Description of the task.
Extract, word for word, each line from the line holding "2. 创新高度可调式主体结构,可完成多种实验。按照检测目的需要,使用130、190mm 两种不同高度结构。190mm" through the end of the records. Omit every picture.

[Items listed in a dataset]

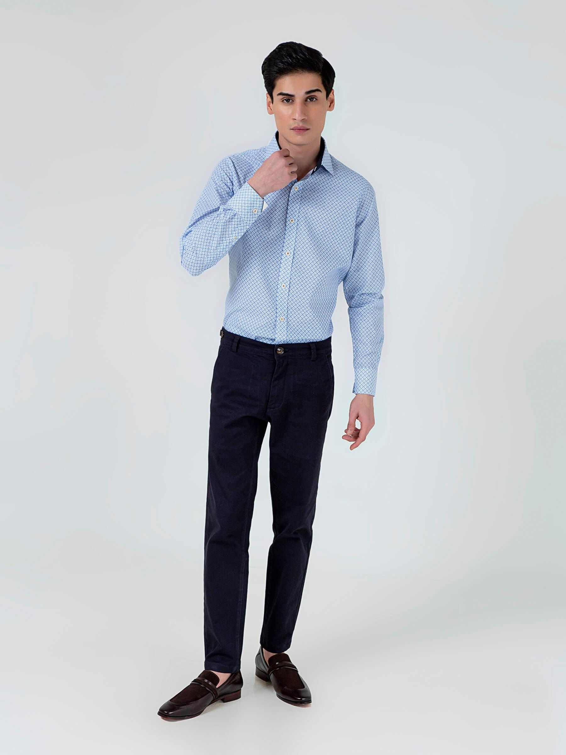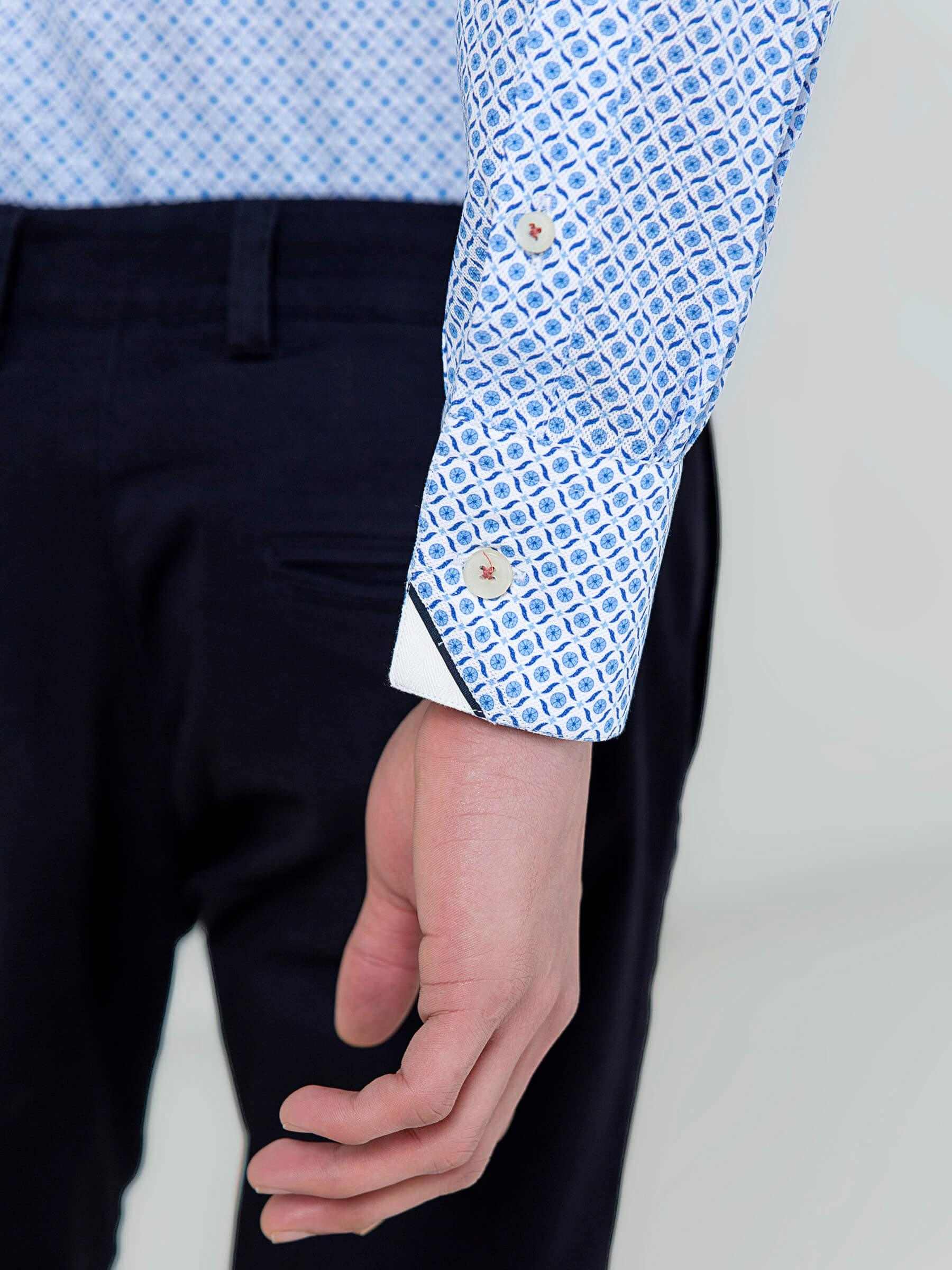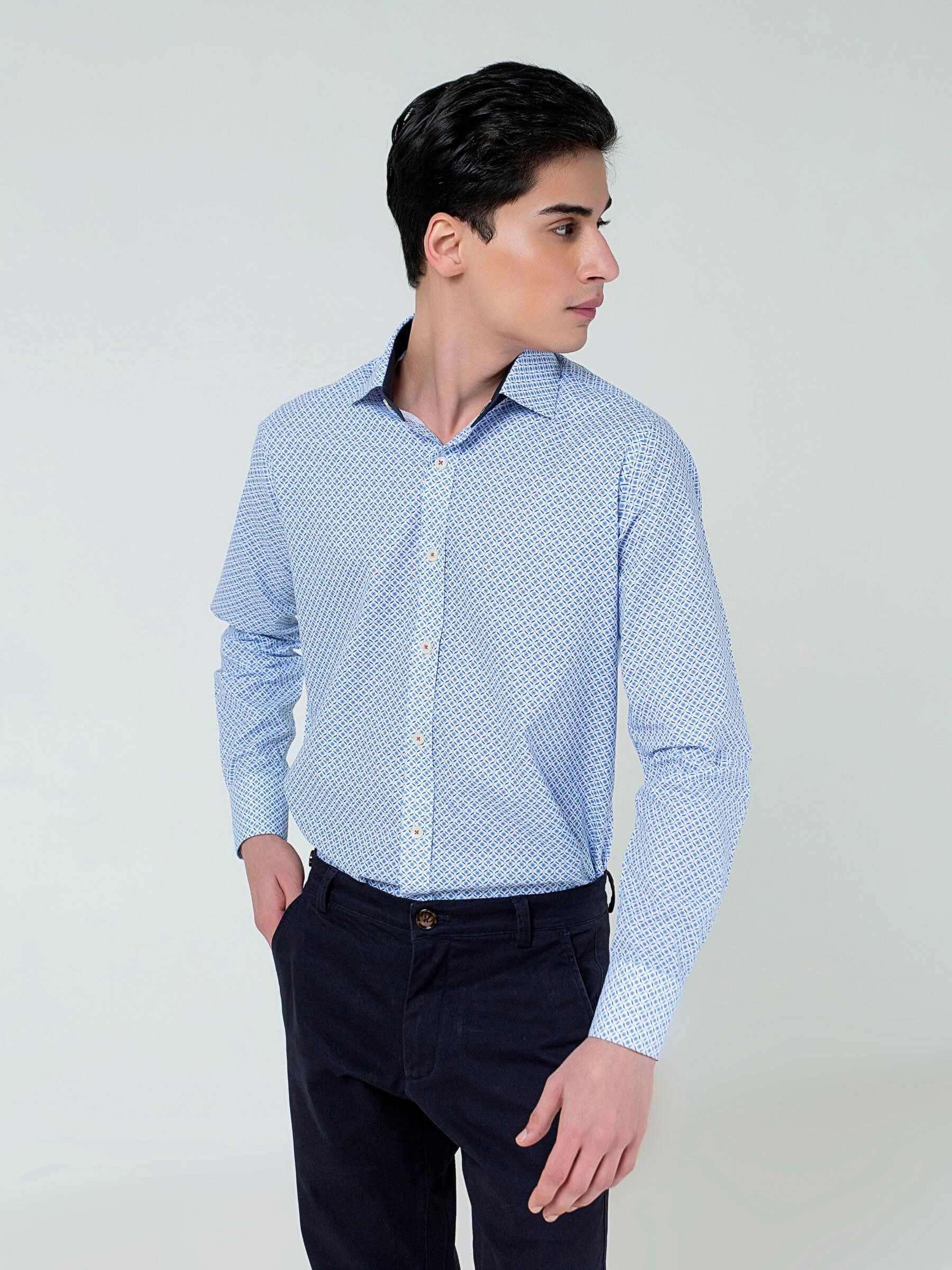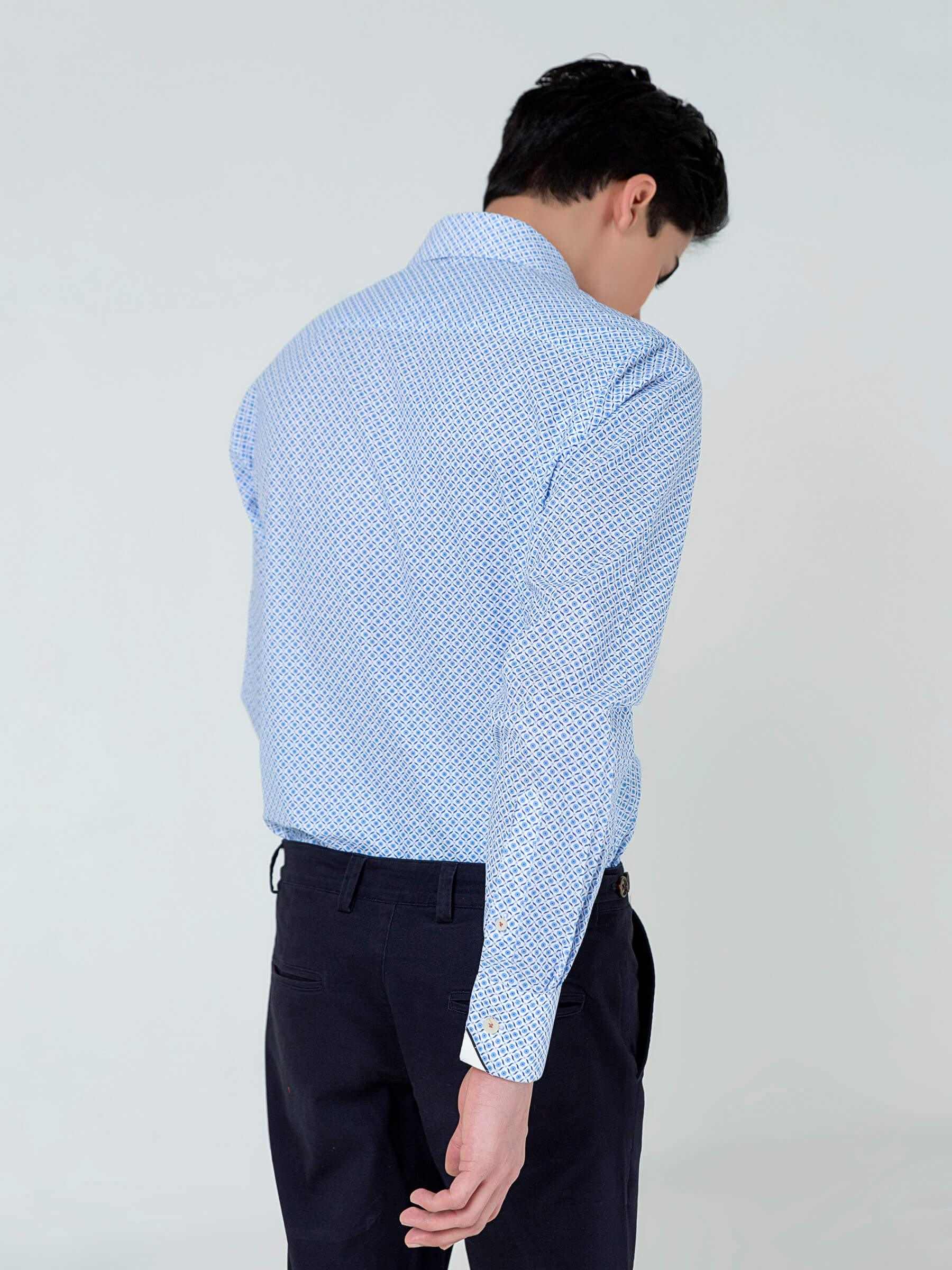 Add a bit of flair to your formal look with our geometric printed formal shirt from Luxury Print collectiom. Cut from high quality structured fabric, finished with contrasting collar detailing & branded buttons. This modern shirt will look great on its own
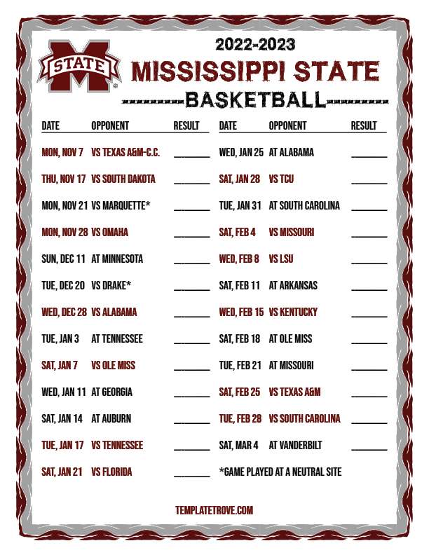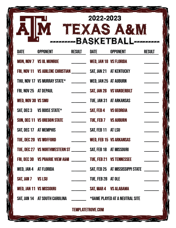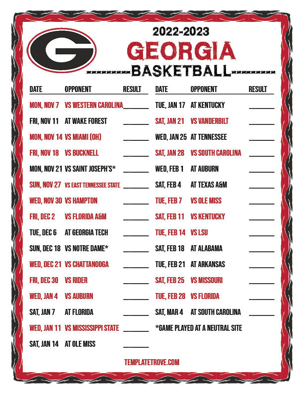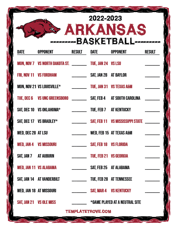 Printable college basketball schedules are in PDF format and print on 8 1/2" x 11" paper.
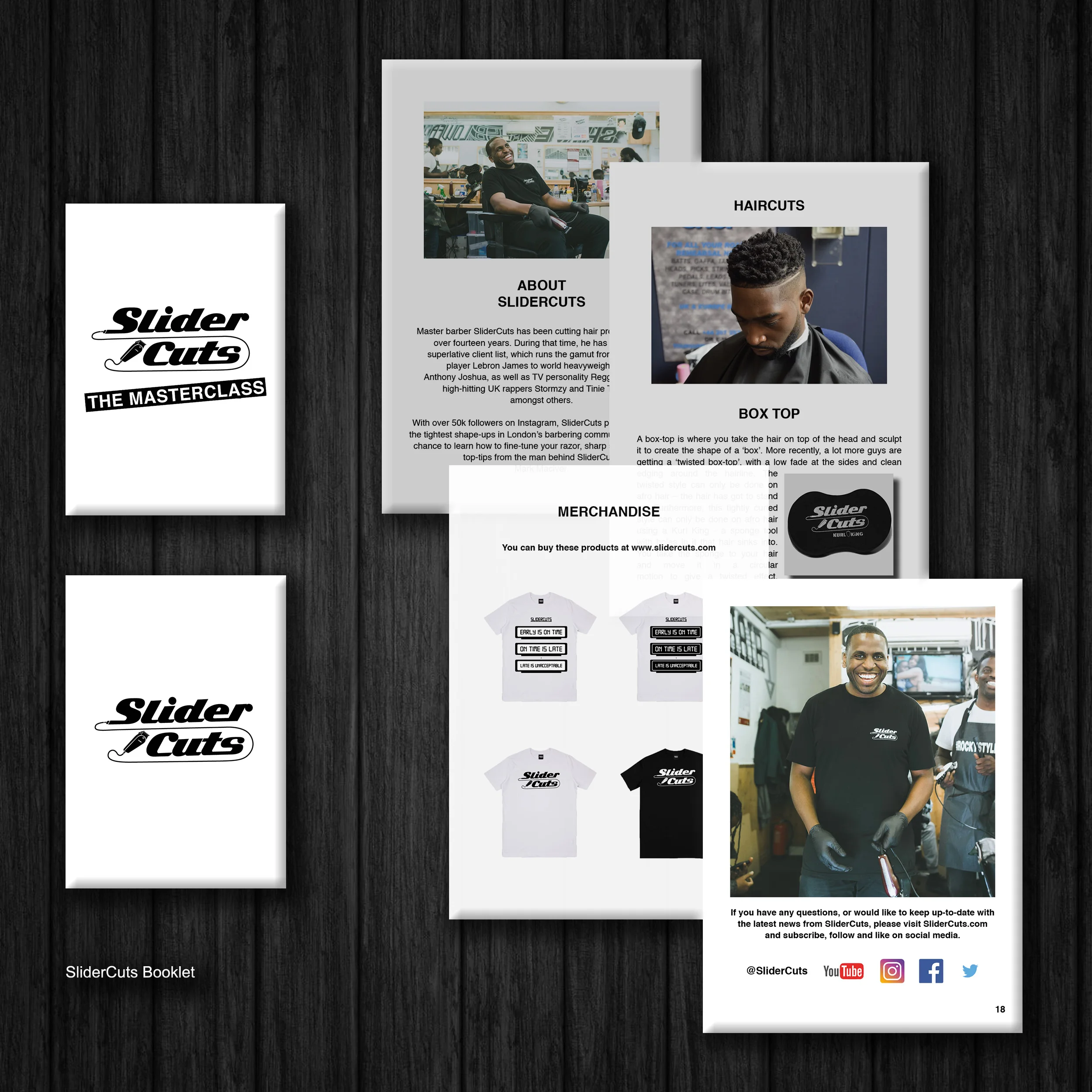 SliderCuts often cut hair for the likes of celebs such as Anthony Joshua and Tinie Tempah. Requested was new t-shirt designs based on the copy: "Early is on time; on time is late; and late is unacceptable." These t-shirts were to compliment his existing range of tees. In addition, a twenty-page A5 booklet needed to be designed to supplement a barber business masterclass SliderCuts was running (25/09/17).
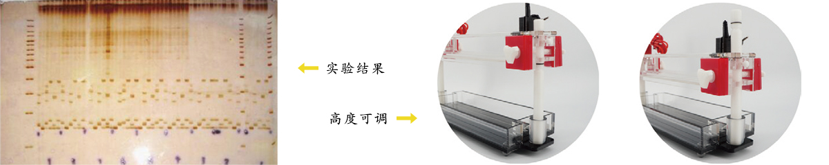2. 创新高度可调式主体结构,可完成多种实验。按照检测目的需要,使用130、190mm 两种不同高度结构。190mm 凝胶可用于SSR 等分子标记实验,重复性好。
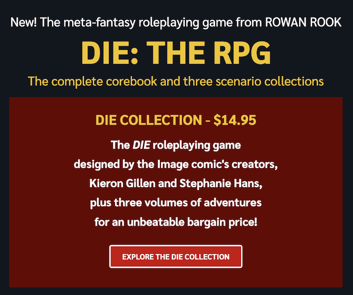 For $14.99, you can get the DIE: RPG core book, plus the three adventures modules and the quick start. The pack also includes a 15% off voucher if you want to buy physically from RR&D.
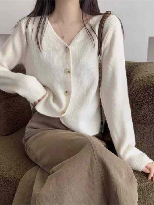 ☕️小香风V领水貂绒毛衣短款针织开衫新款毛衣外套长袖上衣120件全清13.8元...

Answer for this exercise.
2. 创新高度可调式主体结构,可完成多种实验。按照检测目的需要,使用130、190mm 两种不同高度结构。190mm 凝胶可用于SSR 等分子标记实验,重复性好。
 For $14.99, you can get the DIE: RPG core book, plus the three adventures modules and the quick start. The pack also includes a 15% off voucher if you want to buy physically from RR&D.
 ☕️小香风V领水貂绒毛衣短款针织开衫新款毛衣外套长袖上衣120件全清13.8元...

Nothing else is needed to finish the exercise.